This may very well be the hardest, but one of the more important posts I write.
I feel the need to share my feelings surrounding the "late-term abortion" (a term I hate) controversy.
Let me start first with stating that I do not believe in abortion as a means of birth control. If you consciously choose to have sex, you should know that pregnancy is always a possible outcome (hello, did you have a high school Health class? Sex=babies) and you should be prepared to deal with that consequence. That being said, I also believe that it isn't necessarily my place to tell other people how to live their life. However, as someone considering adoption as a way to have a family, if you did choose to have sex and an unwanted pregnancy resulted I would hope that you would find a family to give your child to. Now, in cases of rape, where sex was not a young woman's choice, and she becomes pregnant, I firmly believe she should not have to extend the pain of her experience by continuing a pregnancy. Now, that covers my beliefs on abortion. Moving on to the actual subject at hand.

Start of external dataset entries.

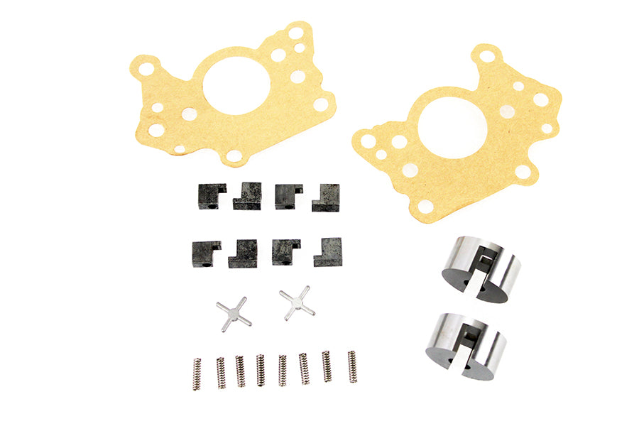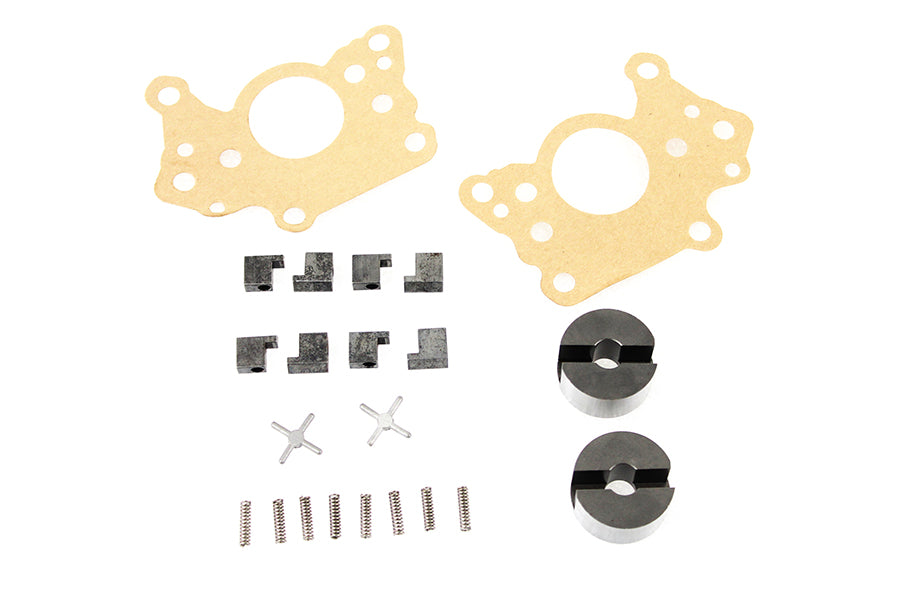 Feed pump upgrade for cast pump flat type as on 80 Side Valve and late G models. Includes rotor with 4 vanes for added oil pressure! Installation will require using muliple gaskets. Each rotor will require the back surface to be sanded down to each specific motor. *NOTE: For the early model short feed pump.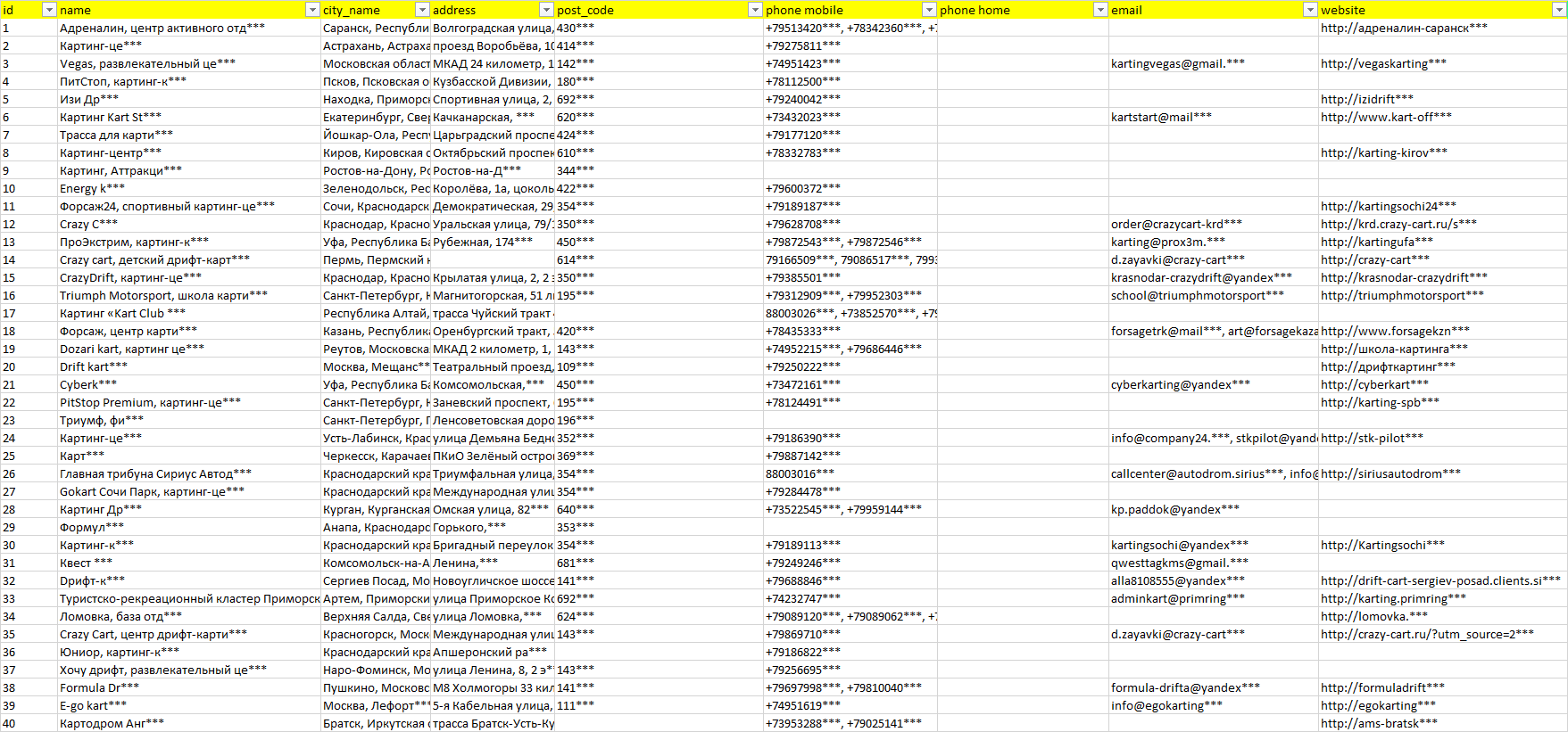База компаний картинг, вся РФ в формате Excel с эл. почтами, телефонами, сайтами, ссылками на соц сети, координатами и другой информацией. Скачайте демо версию, чтобы ознакомиться с данными.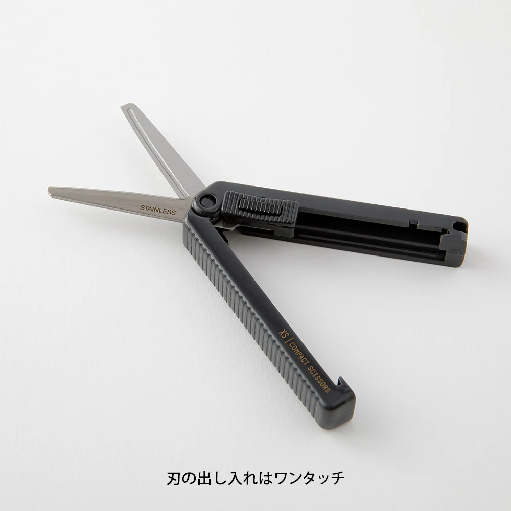 The XS series, bearing the name "Extra Small". This pair of scissors is extra small and highly functional. The blades are resistant to glue adhesion and can cut through thick paper. Slide the blade away to reduce the overall length to only 76 mm. You can carry them in your pocket with peace of mind.

Over a year ago, our 20 week target ultrasound revealed our son Max had several birth defects and that his central nervous system was poorly developed due to hydrocephalus and a meningocele at the base of his cerebellum. We were asked to research, meet with doctors, and have extensive tests to determine the likelihood of his compatibility with life. Through counseling with each other, physicians, and the Lord we felt confident that Max could survive to delivery and, with intensive care and surgeries, possibly live for a time after birth. We were lucky enough, that he was able to survive 5 incredible weeks. We were lucky enough to decide when and how his life ended. We were blessed. Not all parents have that opportunity.
I was not offended when our doctor explained to us that we could discontinue the pregnancy if we needed to. I understood what that meant. If we were told that Max was not compatible with life, if we knew he could not survive until delivery, then we deserved to be able to make the choice ourselves on when and how we got to meet our son. I'm grateful every day that we did not have to make that decision during pregnancy. I cannot imagine the heartbreaking pain that parents who endure that must feel. It hurts me more to think of the shame they are forced to face and endure from people who do not understand what it is like to lose a child.
These parents who endure "late-term abortion" are not having it done because they waited until they were nearing the 3rd trimester to decide they actually didn't want a baby. These parents are doing the best they can to get through the pain of losing their son or daughter. Either the baby's life or the mother's, or both, are at risk and a decision has to be made. That decision is not made lightly or easily, and it shouldn't involve anyone but them, their physicians, and their God.
I am grateful every day that my sweet son did survive to delivery, was successfully resuscitated after the umbilical cord was cut, and miraculously lived for the following 5 weeks. Our greatest fear was that he would die before he was born, or that after birth he would die in some traumatizing way or in our absence. I would call the NICU throughout the night, always holding my breath before the nurse could tell me how he was doing. In all of our conferences on his care, our number one priority was, that when it came to Max's death, we wanted it to be peaceful and on our terms. I wish SO much that all parents of struggling infants were allowed that mercy.
When Max's shunt failed and a central nervous system infection became apparent, the doctors gave us some options for trying to still extend his life. Those options did not offer us a guarantee that he would survive, or that we could control how he died. We could not continue taking these life-saving measures. We could not let his suffering continue any longer. So, we chose to let him die in the best way we could manage for him and for us.
That was the hardest decision we have ever made- to decide to let our son die.
We were given comfort, support and time to gather our families. We were allowed to decide when to turn off the machines that kept him alive. We were allowed to hold him and love him, and let him die peacefully in our arms. We were blessed to make that decision for ourselves, and no one condemned us for it. Yet, there are parents who have to make that difficult decision to end the life of their suffering child before birth and then they are villainized. And I can't sit back and not say anything about it anymore, because it hurts me so much.
No one has the right to make grieving parents feel bad for letting their sick and suffering child die peacefully. To call it a "late-term abortion" is degrading and makes it sound so horrible. These babies are delivered, not "ripped out" like some would describe. It is unfair and wrong for anyone to make these parents feel guilty while they grieve the loss of their child.
I would hope and pray that they could be offered the same love and support as parents who lose their infants after delivery. There should NEVER be shame involved with infant loss.